Putting your loved ones on the front lines

 

 

 I have to say this whole COVID-19 mess has me a bit stressed out. I've already had a telephone conversation with my neurologist on his day off (which was amazing and so cool by the way) and he told me basically "do not leave your house" "stay put". Which is the obvious choice right now yes. But what that means is that I am having to put my husband at risk of going out there in the midst of chaos and infection central to forage for groceries and to go to work. 

I listened in to the conference that MS Views and News had yesterday evening and got to ask the very obvious question of "my husband is an electrician and must go to work, he can't work from home. How should we make sure he is sanitized before he gets back into our home?"

The answers were wonderful and everything we really already knew in our gut but when asking questions during any time of chaos you almost hope to hear something new. Something you didn't know before. A magical answer sort of speak. I guess part of me was hoping to learn something I didn't already know but what it do do was offer some confidence that my gut and instincts were on point when it came to what to DO about it. 

My husband is an electrician. Her works for the Water District in our area so needless to say it is not a job that he can operate from home. Management has adjusted his schedule to working 3 (12 hour days). Which i know is going to be crazy on him. He's no spring chicken. But he's a hard worker and committed to keeping his family afloat. 

He went back to work yesterday and spent hours disinfecting all of his equipment. Making his truck his "safe zone" where nothing that could be contaminated would be let into. 
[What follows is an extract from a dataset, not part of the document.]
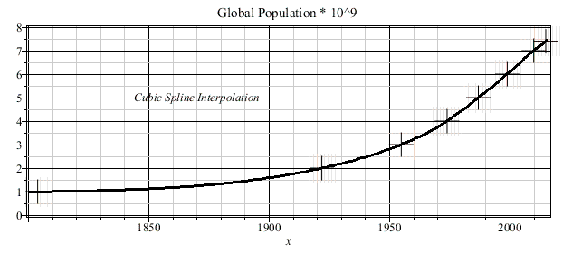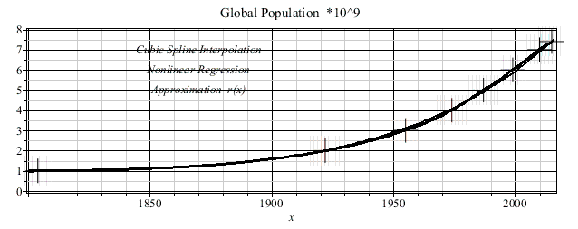 This worsheet is concerned with the development of the global population during the period of 1804 - 2015. In 1804 or 2015 the population is 10^9 or 7.4*10^9, respectively. The given data has been interpolated by the cubic spline function.

The night before last when he was due to go back after being home with us for a few days was sleepless. I tossed and turned knowing that in a way my health kind of lies in my spouses hands.That's scary to anyone no matter how responsible your spouse is. My neurologist has told me point blank due to chemo drugs still being in my system I am even higher at risk and if infected it would be detrimental to my life. Seriously? I can't even believe i'm writing these words. Who the heck ever thought something like catastrophic would actually ever happen?

I didn't even go into this blog with a pretense of a silver lining or motivational outreach. I guess i'm just simply venting. Not letting myself completely fall into the fear. However yes I am nervous for my husband. He's the most hard working person I know other than my Father. He's dedicated to our family. He's dedicated to my health and I love him more than anything on this planet. 

Writing this blog is also keeping my mind off of devouring everything in my fridge. Why is that when you are home you want to stuff your face more than when you are not at home? It's like we all turn into squirrel mode and want to store our nuts in our cheeks until this is all over. 

Be safe, stay home, practice social distancing, and if you spouse must go out and work be smart about it. I have him leaving all of his clothes in our garage in a trash bag. We're being smart. It's alot to think about when your brain isn't programmed to think this way. It's almost like "pretend everything has blood on it". Right? easier to program your brain like this I suppose.